#### [COLLECTED MATERIAL]
--- START ---
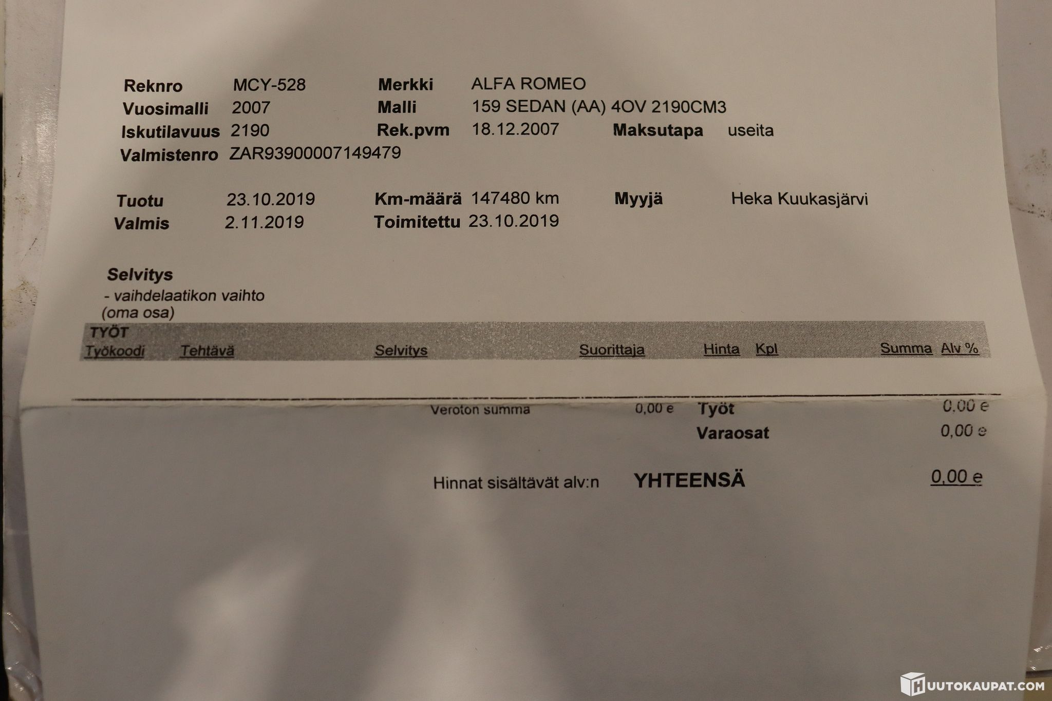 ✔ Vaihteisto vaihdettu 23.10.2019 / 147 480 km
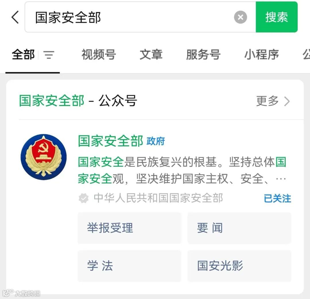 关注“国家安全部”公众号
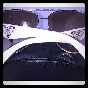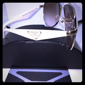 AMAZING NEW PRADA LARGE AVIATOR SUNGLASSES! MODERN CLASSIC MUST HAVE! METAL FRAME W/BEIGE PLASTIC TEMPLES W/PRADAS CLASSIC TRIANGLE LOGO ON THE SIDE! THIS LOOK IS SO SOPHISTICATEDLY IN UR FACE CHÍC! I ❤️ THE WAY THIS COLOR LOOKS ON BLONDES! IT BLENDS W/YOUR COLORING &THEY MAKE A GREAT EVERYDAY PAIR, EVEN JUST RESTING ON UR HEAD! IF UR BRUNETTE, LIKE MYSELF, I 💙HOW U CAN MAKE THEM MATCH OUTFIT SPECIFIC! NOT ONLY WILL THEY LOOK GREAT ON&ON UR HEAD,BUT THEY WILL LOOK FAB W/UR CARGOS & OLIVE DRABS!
--- END ---
#### [WHAT YOU HAVE TO DO]
Skipping the pictures, transcribe each line above exactly as it appears.

#### [OUTPUT FOR THIS TASK]
 ✔ Vaihteisto vaihdettu 23.10.2019 / 147 480 km
 关注“国家安全部”公众号
 AMAZING NEW PRADA LARGE AVIATOR SUNGLASSES! MODERN CLASSIC MUST HAVE! METAL FRAME W/BEIGE PLASTIC TEMPLES W/PRADAS CLASSIC TRIANGLE LOGO ON THE SIDE! THIS LOOK IS SO SOPHISTICATEDLY IN UR FACE CHÍC! I ❤️ THE WAY THIS COLOR LOOKS ON BLONDES! IT BLENDS W/YOUR COLORING &THEY MAKE A GREAT EVERYDAY PAIR, EVEN JUST RESTING ON UR HEAD! IF UR BRUNETTE, LIKE MYSELF, I 💙HOW U CAN MAKE THEM MATCH OUTFIT SPECIFIC! NOT ONLY WILL THEY LOOK GREAT ON&ON UR HEAD,BUT THEY WILL LOOK FAB W/UR CARGOS & OLIVE DRABS!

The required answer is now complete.